Pictures excluded, output the lines of the data below between the one holding "Shillings, 2003, gebraucht" and the one holding "BACK BURN OUT |", inclusive, exactly as they stand.

DATA: Begin

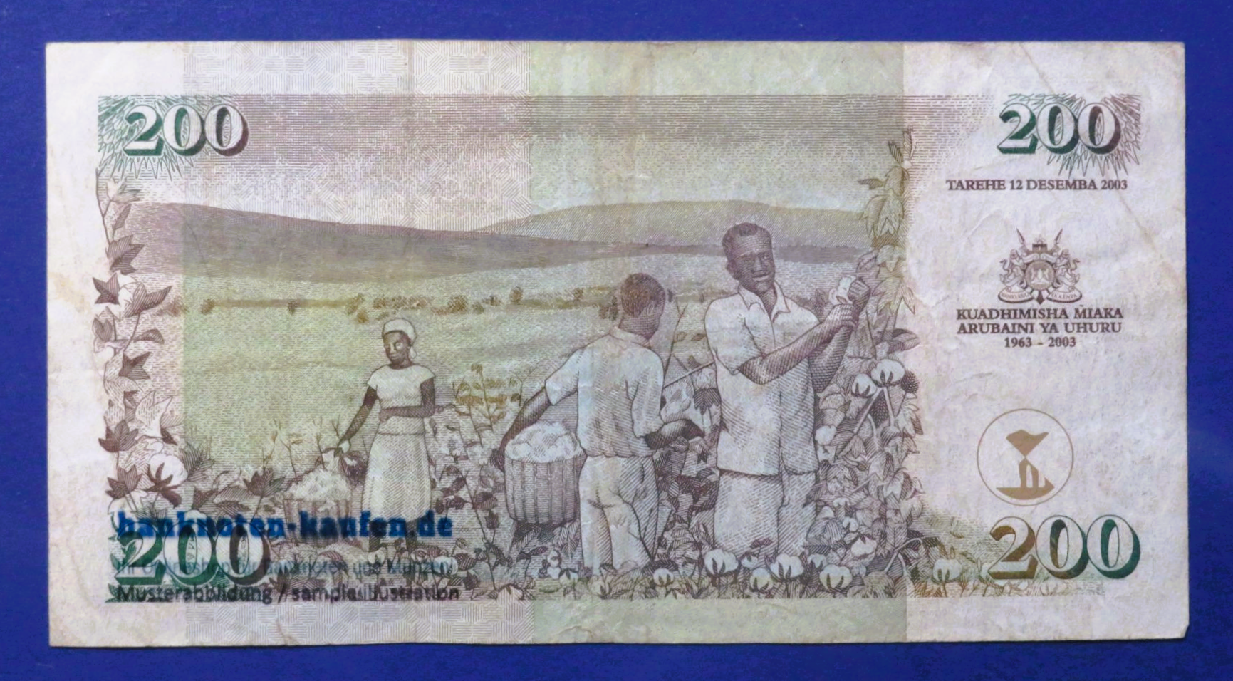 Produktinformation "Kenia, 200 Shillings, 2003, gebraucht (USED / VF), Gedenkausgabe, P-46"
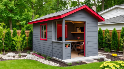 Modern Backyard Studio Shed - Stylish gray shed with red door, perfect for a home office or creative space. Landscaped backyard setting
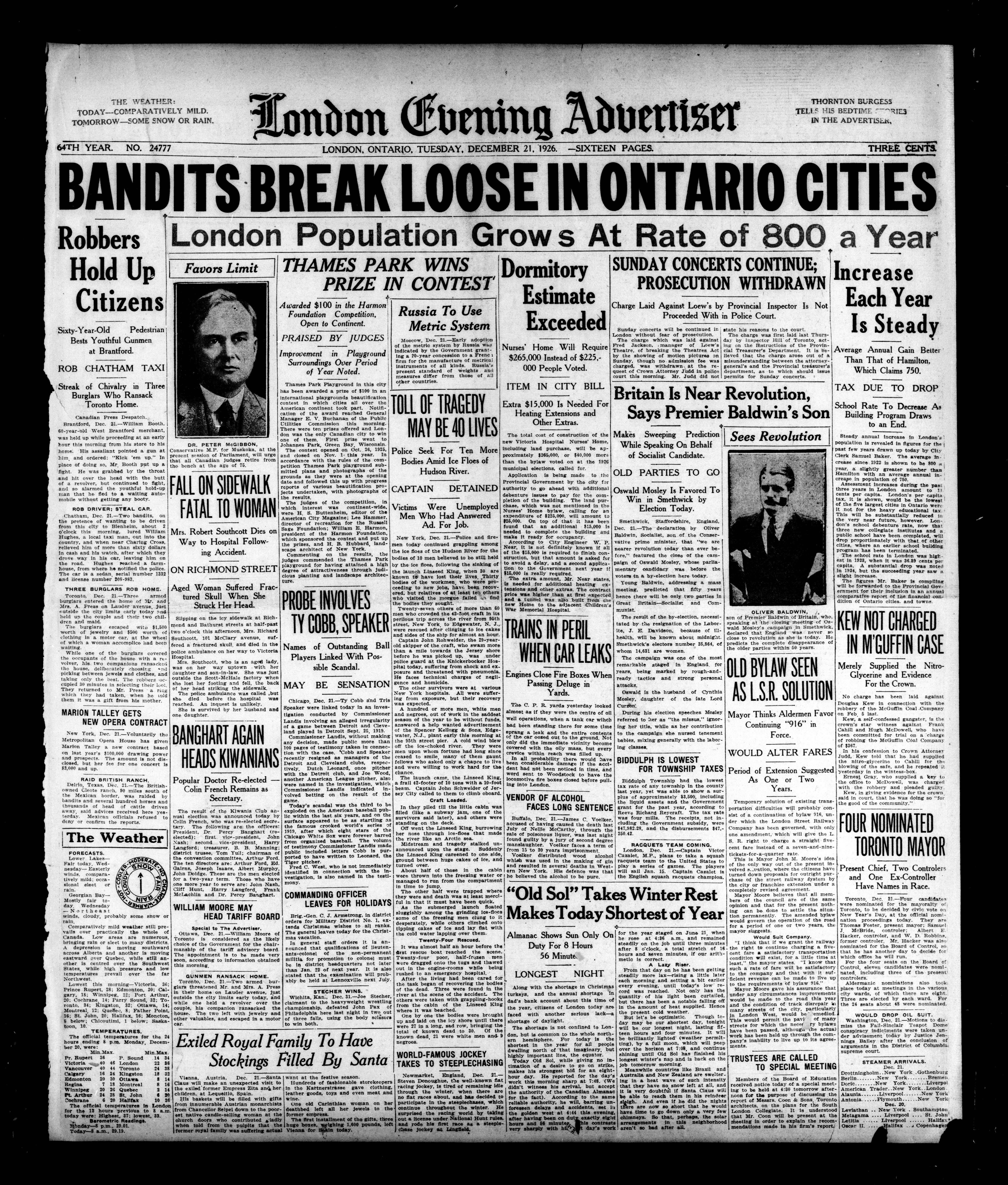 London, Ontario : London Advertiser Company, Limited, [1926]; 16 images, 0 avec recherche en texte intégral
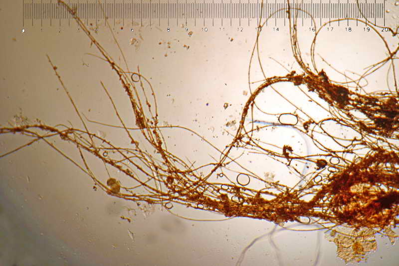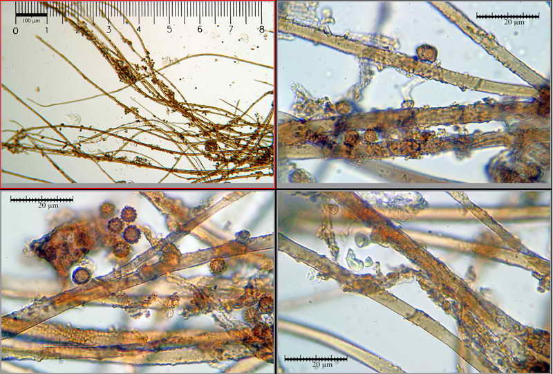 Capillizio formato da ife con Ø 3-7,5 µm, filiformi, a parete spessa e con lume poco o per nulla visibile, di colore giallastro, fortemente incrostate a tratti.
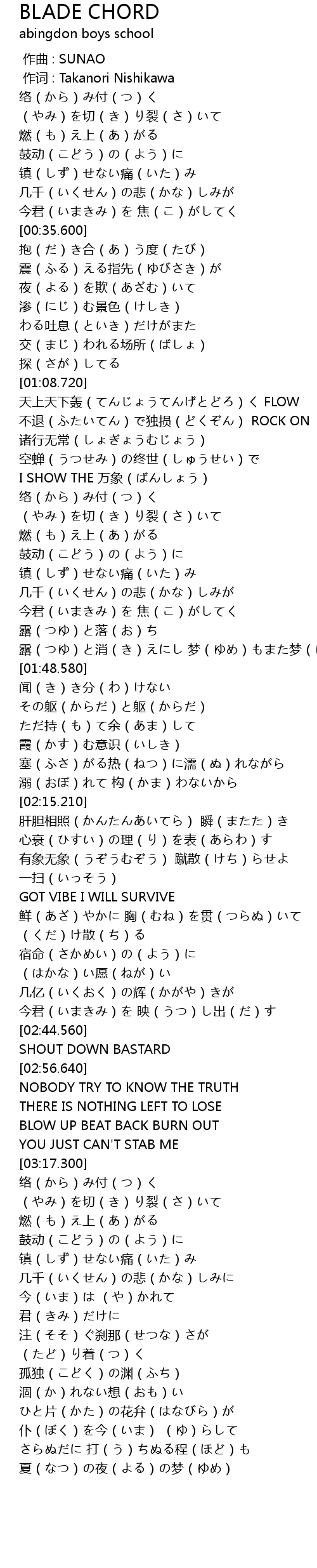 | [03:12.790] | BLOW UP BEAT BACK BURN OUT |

DATA: End
DATA: Begin

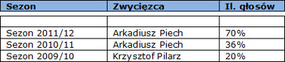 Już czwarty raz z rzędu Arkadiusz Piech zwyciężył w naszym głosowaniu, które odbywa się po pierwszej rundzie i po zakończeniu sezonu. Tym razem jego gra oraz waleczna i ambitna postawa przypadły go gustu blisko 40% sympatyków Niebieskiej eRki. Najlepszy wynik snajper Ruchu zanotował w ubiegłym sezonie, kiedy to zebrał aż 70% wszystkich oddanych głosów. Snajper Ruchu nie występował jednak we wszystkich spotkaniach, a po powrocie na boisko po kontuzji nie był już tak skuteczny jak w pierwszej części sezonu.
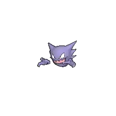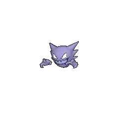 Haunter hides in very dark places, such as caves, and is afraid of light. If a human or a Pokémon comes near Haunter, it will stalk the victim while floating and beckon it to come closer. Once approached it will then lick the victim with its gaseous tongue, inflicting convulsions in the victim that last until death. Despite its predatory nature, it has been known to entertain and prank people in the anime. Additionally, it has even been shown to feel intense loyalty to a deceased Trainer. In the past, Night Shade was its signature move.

DATA: End

### SOLVED PROBLEM
 Produktinformation "Kenia, 200 Shillings, 2003, gebraucht (USED / VF), Gedenkausgabe, P-46"
 Modern Backyard Studio Shed - Stylish gray shed with red door, perfect for a home office or creative space. Landscaped backyard setting
 London, Ontario : London Advertiser Company, Limited, [1926]; 16 images, 0 avec recherche en texte intégral
 Capillizio formato da ife con Ø 3-7,5 µm, filiformi, a parete spessa e con lume poco o per nulla visibile, di colore giallastro, fortemente incrostate a tratti.
 | [03:12.790] | BLOW UP BEAT BACK BURN OUT |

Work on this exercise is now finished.